In contrast, Evolution, a mail application for the GNOME desktop that ships with Ubuntu, is well-known only inside the Linux world. A build is now available for Windows (and in the past a more DIY solution was available via the win32-evolution project), but I’d be willing to bet quite a lot of money that the number of installations of Evolution on Windows is minuscule. (I will add, however, that I myself ran Evolution on a Windows machine back in the heady days of 2008, with mixed results.)
Thunderbird vs. Evolution
As Charline Poirier of Canonical wrote, the company earlier this summer commissioned an external usability analysis of Thunderbird and Evolution. The resulting report found a number of strengths in both clients, as well as places for improvement. On the whole, however, Evolution turned up somewhat more difficulties deemed “severe,” including trouble setting up accounts and navigating the main mail interface.
Canonical’s motivation for undertaking the study isn’t clear, but I’m left to presume that it’s considering replacing Evolution with Thunderbird as the default mail client in upcoming Ubuntu releases. If that happens, it would be significant in signaling yet a further step away from the GNOME community. The decision to switch from the GNOME desktop to Canonical’s in-house Unity interface in Ubuntu 11.04 was the first major break between GNOME and Canonical. (Lest I be accused of spreading FUD, I will point out that traditional GNOME remains available as a choice at login time for Ubuntu 11.04 users, but by default their systems run Unity.)
Is Offline E-Mail Obsolete?
I also wonder, however, how much offline e-mail clients actually matter in the age of the cloud. According to one survey, the only standalone mail application with major market share is Outlook, a dominance that likely stems from Outlook’s tight integration into Microsoft’s solutions for business customers. After Outlook, Web-based clients top the list.
Thunderbird, despite its position as the preeminent open source e-mail client, retains only 2.4 percent of the market, according to the survey. Evolution isn’t mentioned, falling only into the “Others” category, with 8 percent market share.
Granted, the survey may or may not be accurate and objective, and the preferences of Linux users could diverge significantly from those of Internauts as a whole.

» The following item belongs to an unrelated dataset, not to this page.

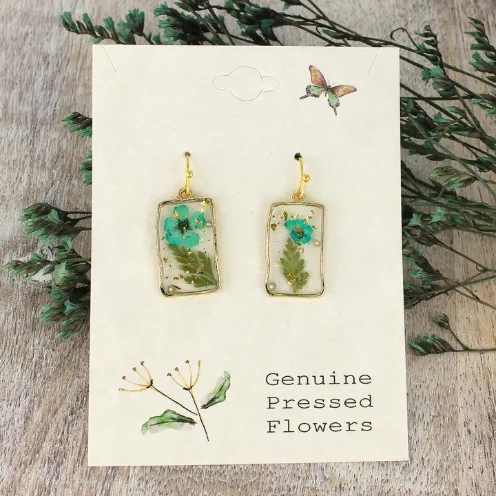 Inspired by Sweet Briarās serene natural beauty, these genuine pressed flower earrings bring a breath of springtime elegance to any look. The delicate turquoise blooms and green leaves are encased in clear resin with a gold border ā a timeless nod to the collegeās rolling meadows and refined charm.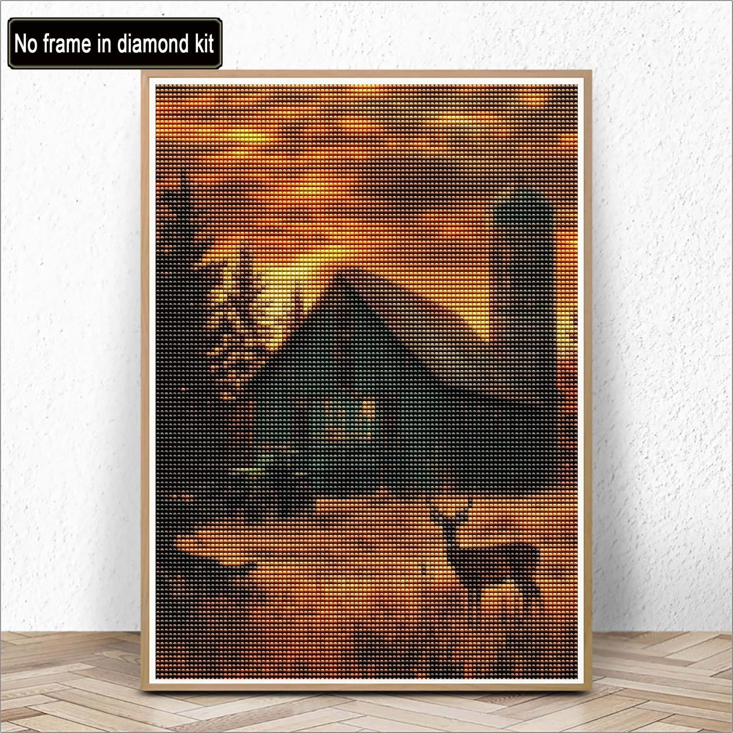 Kaliosy 5D Diamond Art Kits for Adults Sunset Landscape by Number Kits, Diamond Painting Art Moose DIY Full Drill Crystal Craft Cross Stitch Embroidery Decoration (12x16 inch) 30x40 cm

But writing from anecdotal experience, as someone who hasn’t seriously used an offline e-mail client in either a personal or professional capacity in several years, I have deep doubts over whether many people running Ubuntu care very much whether it ships with Thunderbird or Evolution.
I’d rather see Canonical focus on building an even better cloud-centric experience for Ubuntu users than pumping resources into applications that are more difficult to deploy across different platforms. I wouldn’t even mind if Ubuntu came with no preinstalled offline mail client. After all, it’s easy enough to download one in the Software Center if desired.